• Work item: Your copy starts at the line containing "Po spotkaniach z" and ends at the last line below. Copy exactly, without pictures.

Start of Task data

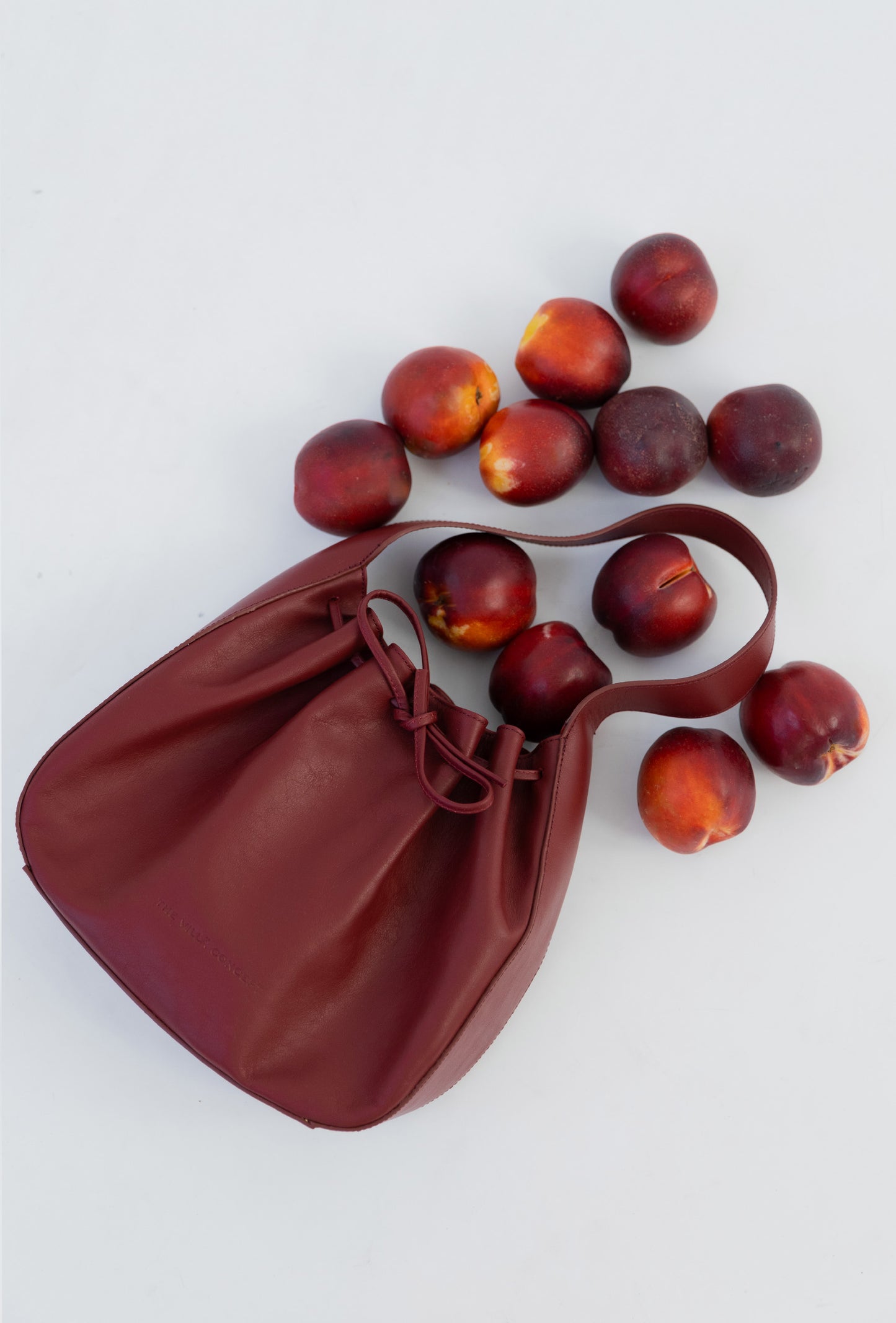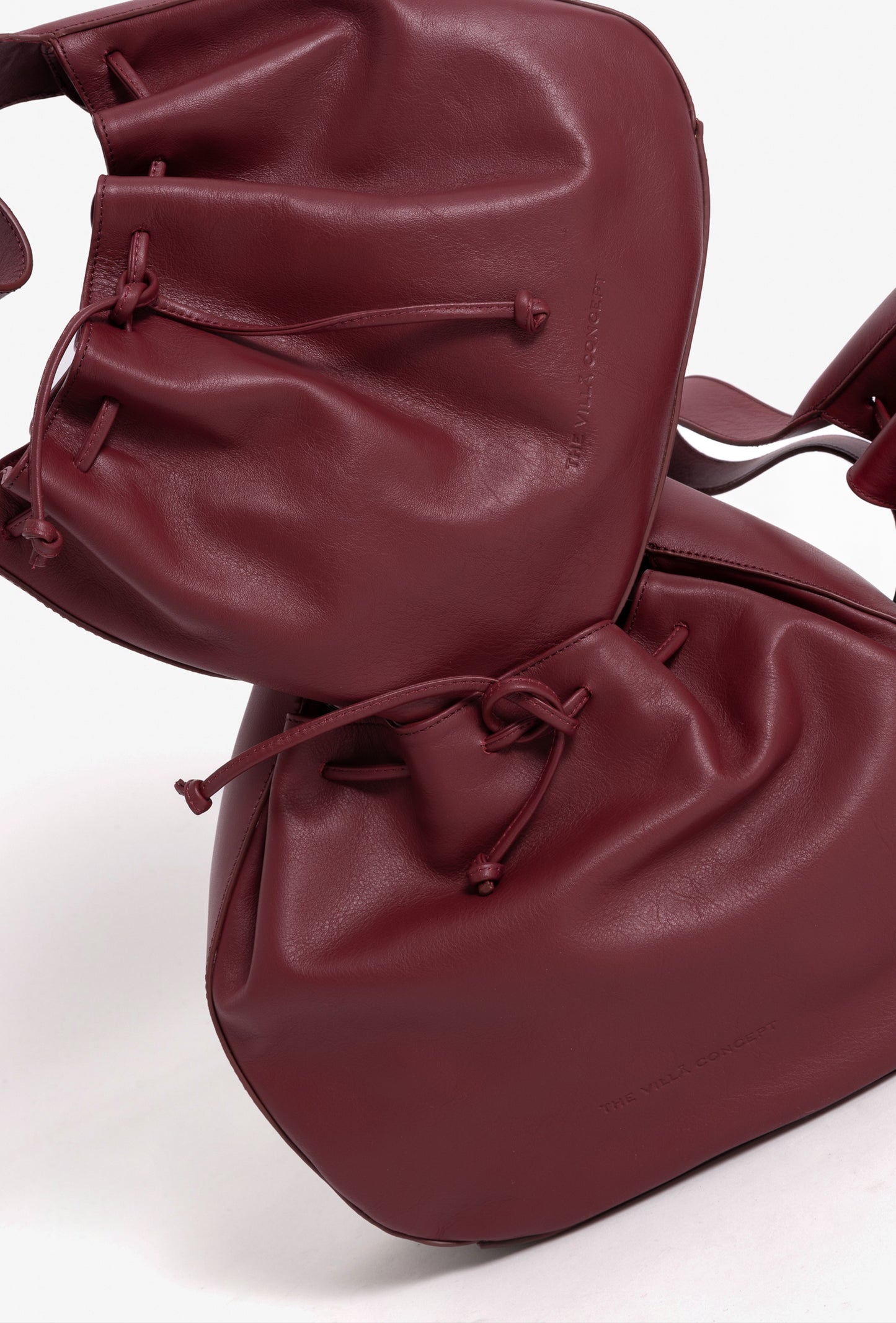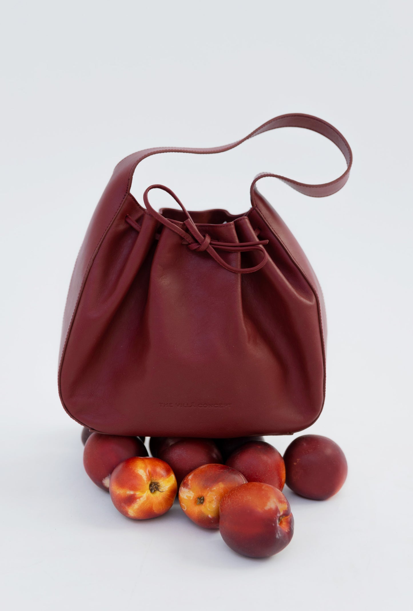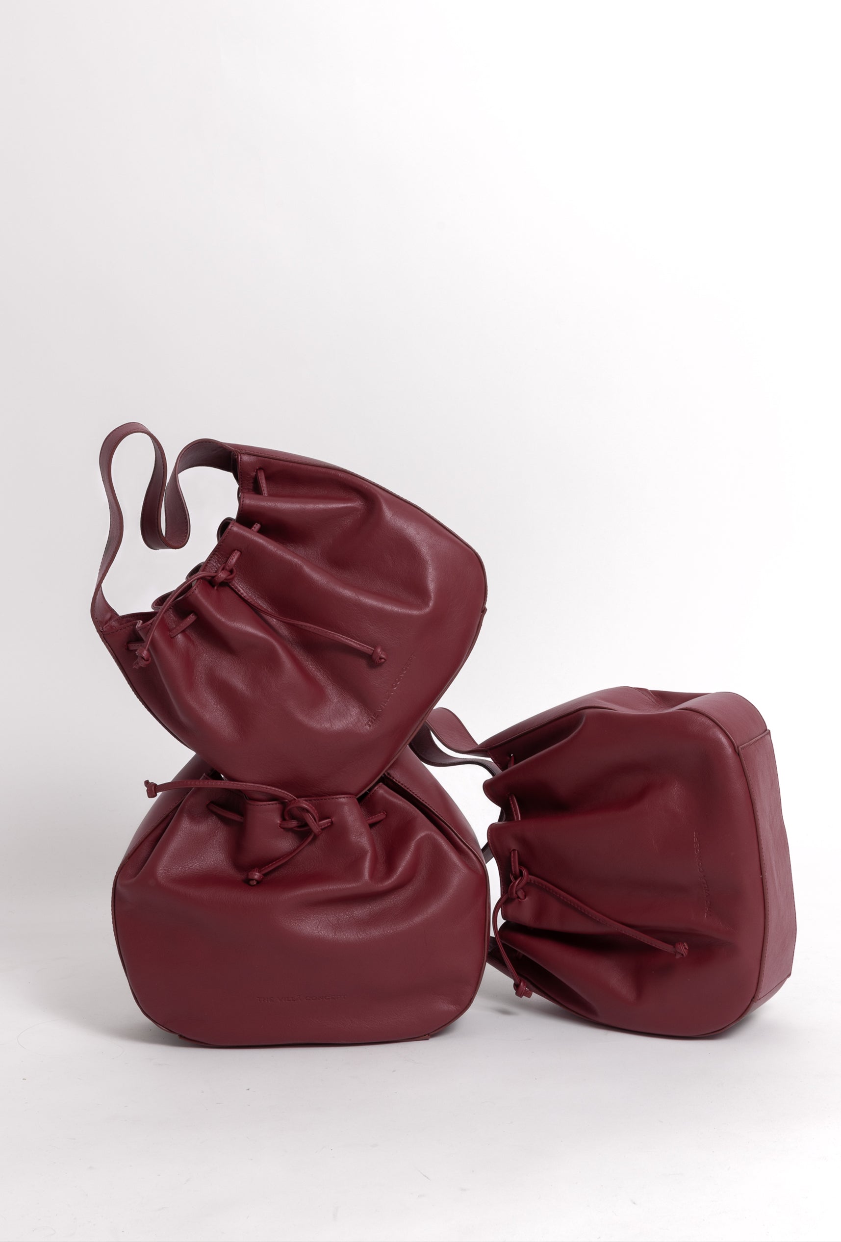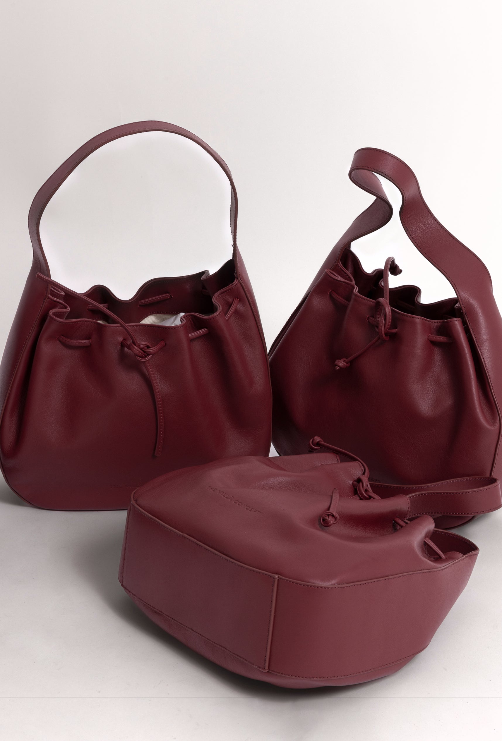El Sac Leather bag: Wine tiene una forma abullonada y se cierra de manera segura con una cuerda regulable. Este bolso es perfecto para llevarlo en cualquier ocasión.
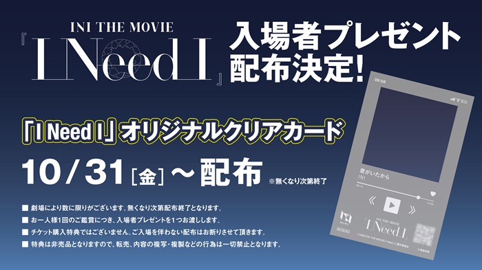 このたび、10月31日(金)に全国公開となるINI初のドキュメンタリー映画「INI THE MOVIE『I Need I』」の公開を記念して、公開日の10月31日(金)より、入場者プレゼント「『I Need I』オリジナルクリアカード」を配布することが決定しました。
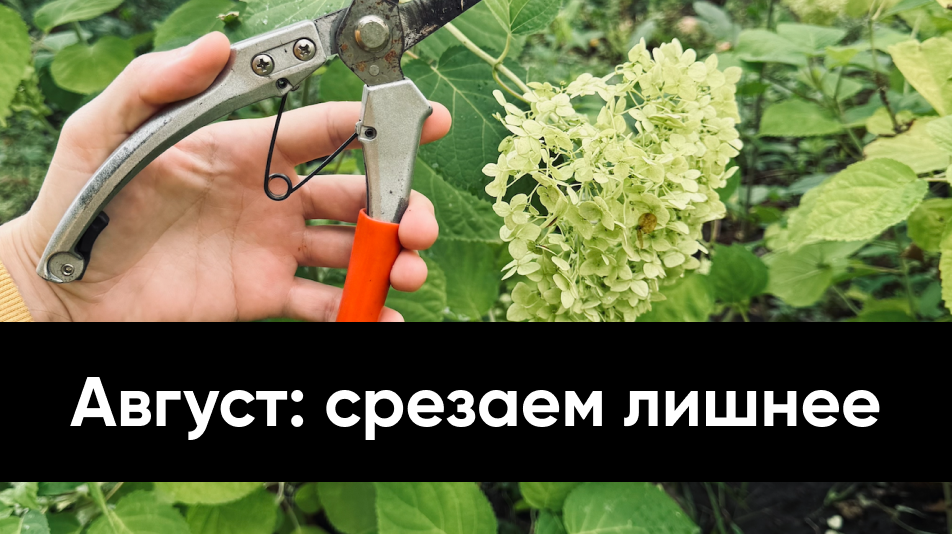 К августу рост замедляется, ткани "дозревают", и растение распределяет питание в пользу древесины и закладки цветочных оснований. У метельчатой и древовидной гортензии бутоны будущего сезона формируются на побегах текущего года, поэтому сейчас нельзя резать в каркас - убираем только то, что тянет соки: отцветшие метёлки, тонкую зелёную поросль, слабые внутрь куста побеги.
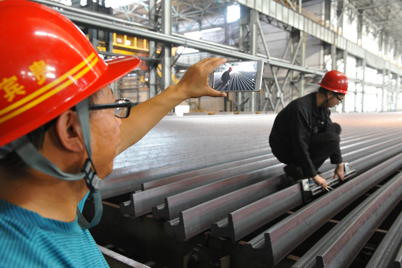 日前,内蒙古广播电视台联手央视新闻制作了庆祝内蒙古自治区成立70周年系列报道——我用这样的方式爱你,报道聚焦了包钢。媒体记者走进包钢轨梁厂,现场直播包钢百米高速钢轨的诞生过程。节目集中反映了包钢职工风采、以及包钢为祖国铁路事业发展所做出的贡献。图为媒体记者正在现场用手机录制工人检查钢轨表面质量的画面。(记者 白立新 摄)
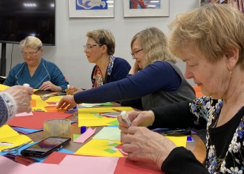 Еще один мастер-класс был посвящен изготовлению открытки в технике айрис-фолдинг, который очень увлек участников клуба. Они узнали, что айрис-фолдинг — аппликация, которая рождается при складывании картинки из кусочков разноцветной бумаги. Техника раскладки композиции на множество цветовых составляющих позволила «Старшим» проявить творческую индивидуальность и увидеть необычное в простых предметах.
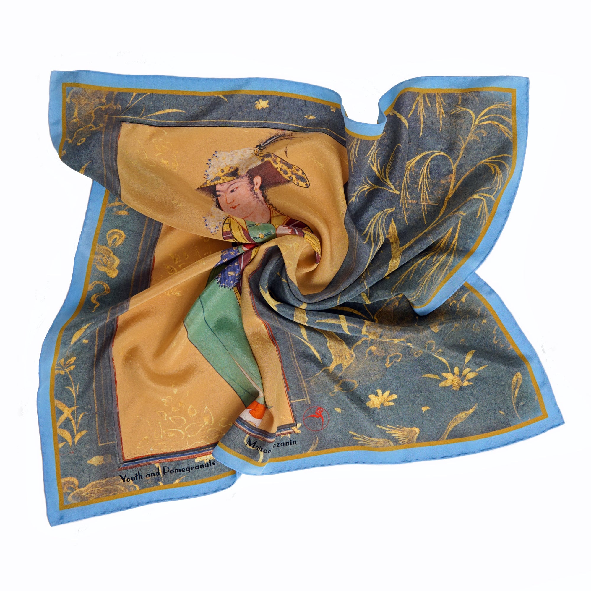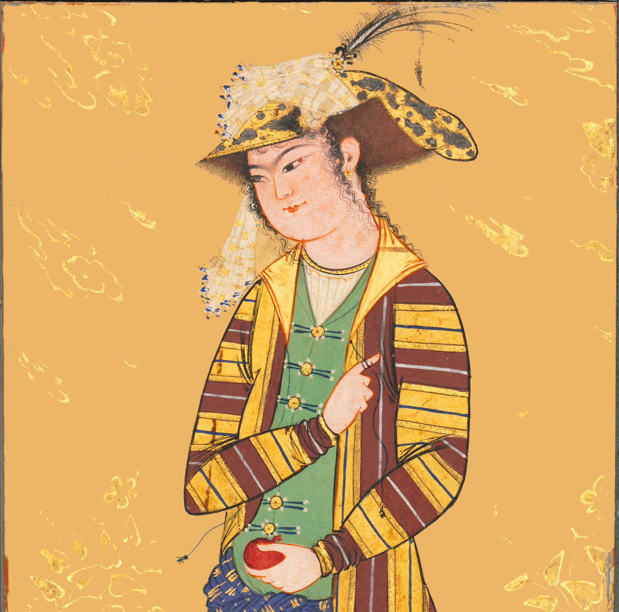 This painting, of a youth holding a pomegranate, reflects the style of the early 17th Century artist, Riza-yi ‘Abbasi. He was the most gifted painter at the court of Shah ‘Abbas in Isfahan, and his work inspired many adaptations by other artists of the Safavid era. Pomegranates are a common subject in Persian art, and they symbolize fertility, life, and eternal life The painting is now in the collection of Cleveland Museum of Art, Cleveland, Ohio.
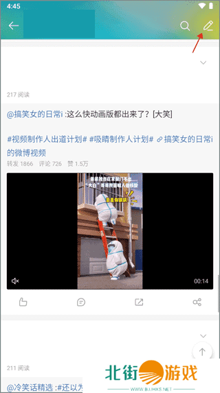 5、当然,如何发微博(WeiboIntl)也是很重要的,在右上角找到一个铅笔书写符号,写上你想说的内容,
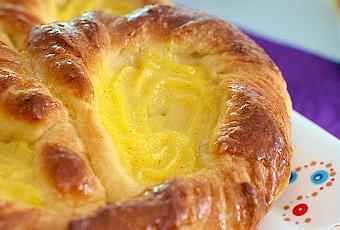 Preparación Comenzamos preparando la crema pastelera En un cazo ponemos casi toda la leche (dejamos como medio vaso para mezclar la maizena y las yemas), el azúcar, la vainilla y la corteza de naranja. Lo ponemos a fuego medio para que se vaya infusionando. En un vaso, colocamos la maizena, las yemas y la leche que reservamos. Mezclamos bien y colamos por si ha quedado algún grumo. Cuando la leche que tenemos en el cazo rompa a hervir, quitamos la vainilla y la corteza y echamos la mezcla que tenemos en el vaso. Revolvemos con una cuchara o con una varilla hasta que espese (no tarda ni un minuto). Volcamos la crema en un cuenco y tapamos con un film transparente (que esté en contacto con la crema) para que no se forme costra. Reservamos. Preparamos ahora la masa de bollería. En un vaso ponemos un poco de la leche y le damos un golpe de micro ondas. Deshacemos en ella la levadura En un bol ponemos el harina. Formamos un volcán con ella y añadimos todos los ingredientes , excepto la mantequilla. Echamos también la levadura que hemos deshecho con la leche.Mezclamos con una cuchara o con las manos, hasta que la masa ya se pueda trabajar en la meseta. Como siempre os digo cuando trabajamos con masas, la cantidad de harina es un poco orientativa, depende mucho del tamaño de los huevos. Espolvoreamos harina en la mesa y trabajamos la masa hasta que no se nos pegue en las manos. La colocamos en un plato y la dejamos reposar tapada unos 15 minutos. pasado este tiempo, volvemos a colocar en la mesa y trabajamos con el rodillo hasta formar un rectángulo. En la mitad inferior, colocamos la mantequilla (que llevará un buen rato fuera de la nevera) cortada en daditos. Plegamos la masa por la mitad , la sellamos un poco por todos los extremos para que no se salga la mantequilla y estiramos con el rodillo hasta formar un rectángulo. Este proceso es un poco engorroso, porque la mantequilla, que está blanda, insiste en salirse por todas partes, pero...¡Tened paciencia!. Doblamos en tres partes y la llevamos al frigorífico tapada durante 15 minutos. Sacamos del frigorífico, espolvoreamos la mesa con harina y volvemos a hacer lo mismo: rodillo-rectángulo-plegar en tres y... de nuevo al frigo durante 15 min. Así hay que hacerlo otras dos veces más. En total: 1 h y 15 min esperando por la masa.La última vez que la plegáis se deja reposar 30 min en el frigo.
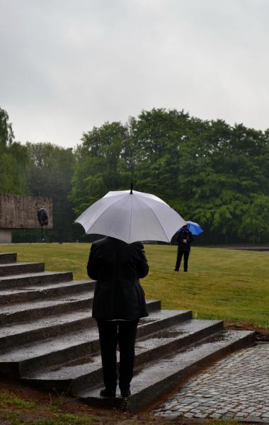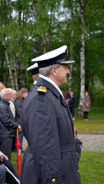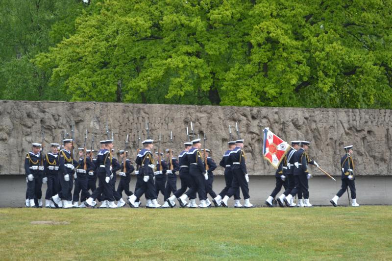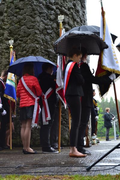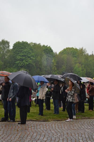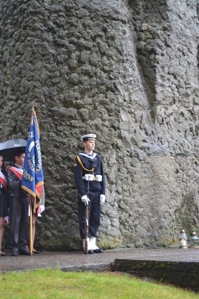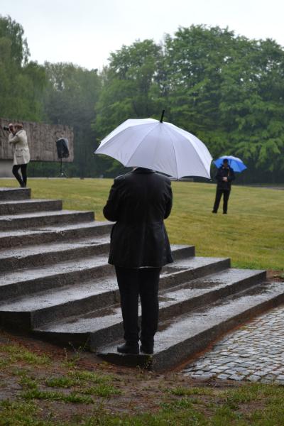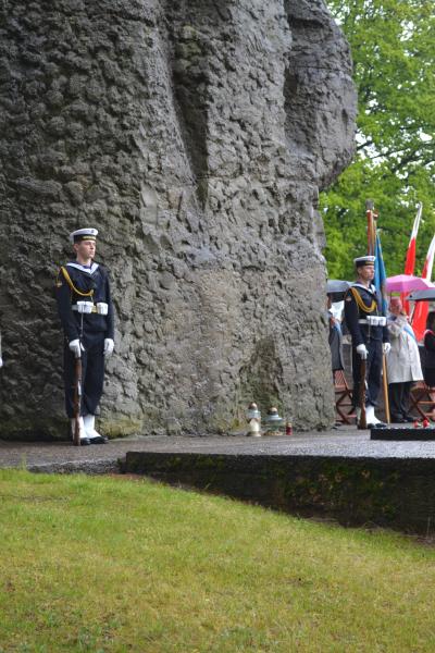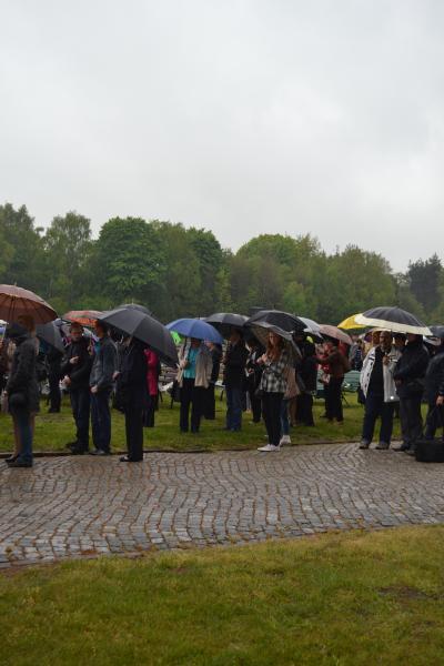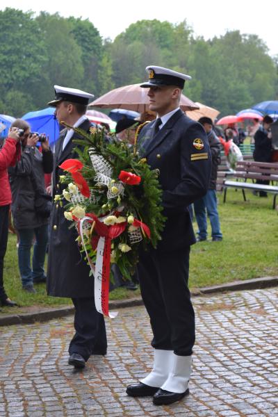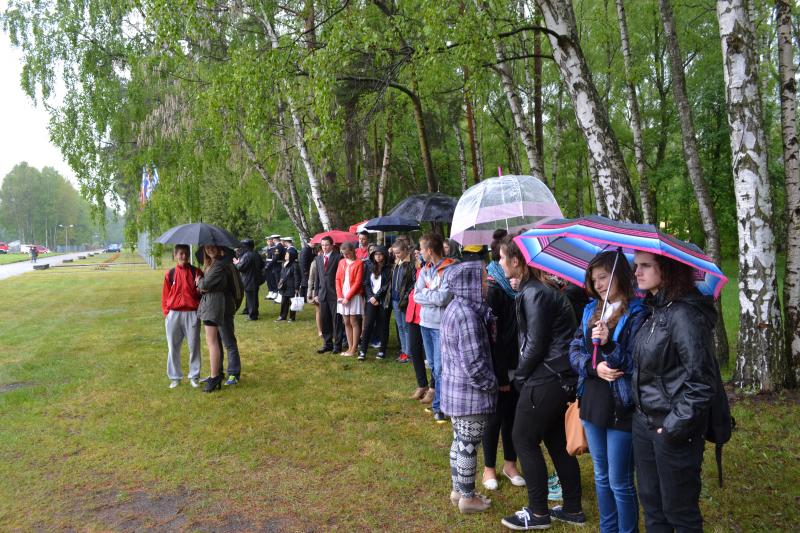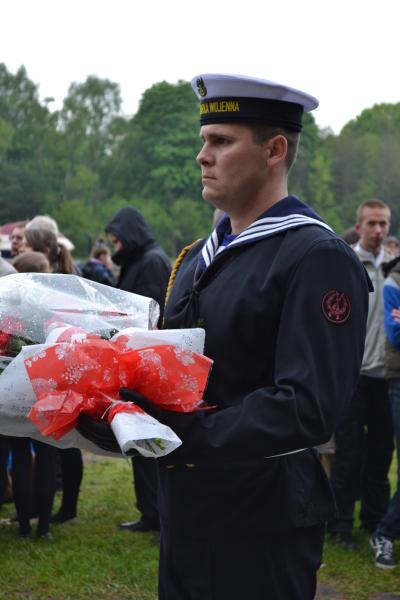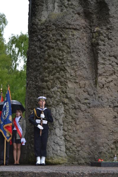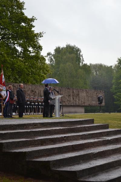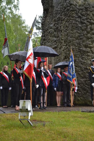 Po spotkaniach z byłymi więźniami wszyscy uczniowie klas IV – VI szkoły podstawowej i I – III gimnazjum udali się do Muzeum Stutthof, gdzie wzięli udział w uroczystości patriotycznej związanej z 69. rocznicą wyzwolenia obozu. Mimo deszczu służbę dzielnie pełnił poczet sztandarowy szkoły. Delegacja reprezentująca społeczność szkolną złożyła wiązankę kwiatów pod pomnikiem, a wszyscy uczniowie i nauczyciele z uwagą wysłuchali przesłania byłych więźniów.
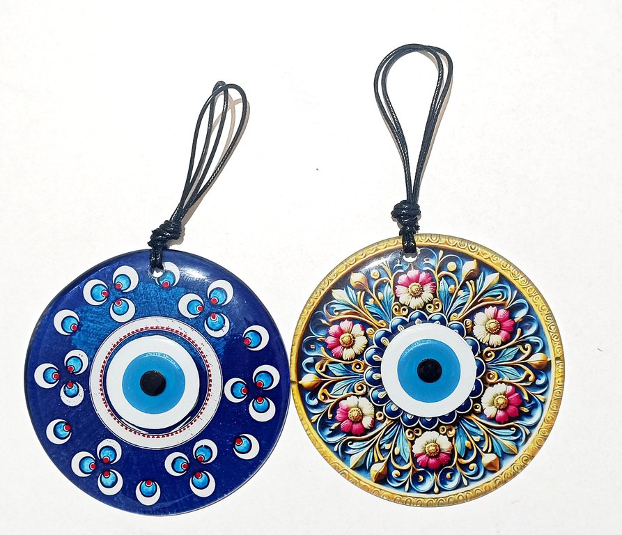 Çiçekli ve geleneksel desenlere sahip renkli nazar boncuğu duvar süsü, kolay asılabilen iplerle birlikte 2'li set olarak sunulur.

End of Task data

• Finished task:
 Po spotkaniach z byłymi więźniami wszyscy uczniowie klas IV – VI szkoły podstawowej i I – III gimnazjum udali się do Muzeum Stutthof, gdzie wzięli udział w uroczystości patriotycznej związanej z 69. rocznicą wyzwolenia obozu. Mimo deszczu służbę dzielnie pełnił poczet sztandarowy szkoły. Delegacja reprezentująca społeczność szkolną złożyła wiązankę kwiatów pod pomnikiem, a wszyscy uczniowie i nauczyciele z uwagą wysłuchali przesłania byłych więźniów.
 Çiçekli ve geleneksel desenlere sahip renkli nazar boncuğu duvar süsü, kolay asılabilen iplerle birlikte 2'li set olarak sunulur.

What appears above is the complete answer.